По всему получается, что да, прав; а уж теперь, когда больше тридцати лет минуло с той поры, как Станислав Романович, не сдержав данного слова, вышел на свободу еще прежде, чем все они вышли хотя бы на поселение, и давно лежит здесь, неподалеку, в ограде Петра и Павла, из памяти вовсе лезет одно почти добродушное и чудаческое.

Что вспоминается? Генерал на лошади, шажком едет по саду, большой, сырой, осевший, напрочь утерявший конноегерскую

стать; едет и с горделивой благорасположенностью поглядывает на редких гуляющих. Еще бы не гордиться! Кто, как не он, своим капиталом, непроживаемым капиталом холостяка, и своими заботами сотворил уголок эдема в здешнем аду? Кто уставил сей уголок беседками, качелями и, на удивление жителям, соблазнительными мифологическими персонами, вырезанными из сибирской сосны?

Или — все тот же Завалишин рассказывает, от души потешаясь.
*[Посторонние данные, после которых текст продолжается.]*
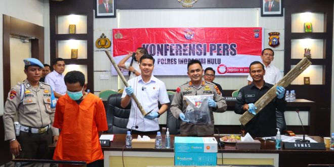 Konprensi Pers di Mapolres Inhu tentang perkara pembunuhan korban anak beranak.

Среди книг, присланных ему в каторгу, нашлась одна на древнееврейском, и старик, по должности обязанный ставить на всякой книге свое цензорское: «Читал», на сей раз, поразмыслив, начертал с маху: «Видал. Лепарский», нимало, таким образом, не погрешив против нагой истины.

Добряк, по всему добряк. Идиллия, чистой воды идиллия… Вот разве горький тезка Горбачевского, Иван Иванович Сухинов, ежели б можно было спросить его мнение на этот счет, верно, не совсем согласился бы. И то, что уже не спросишь, решила воля генерала. Его. Больше ничья.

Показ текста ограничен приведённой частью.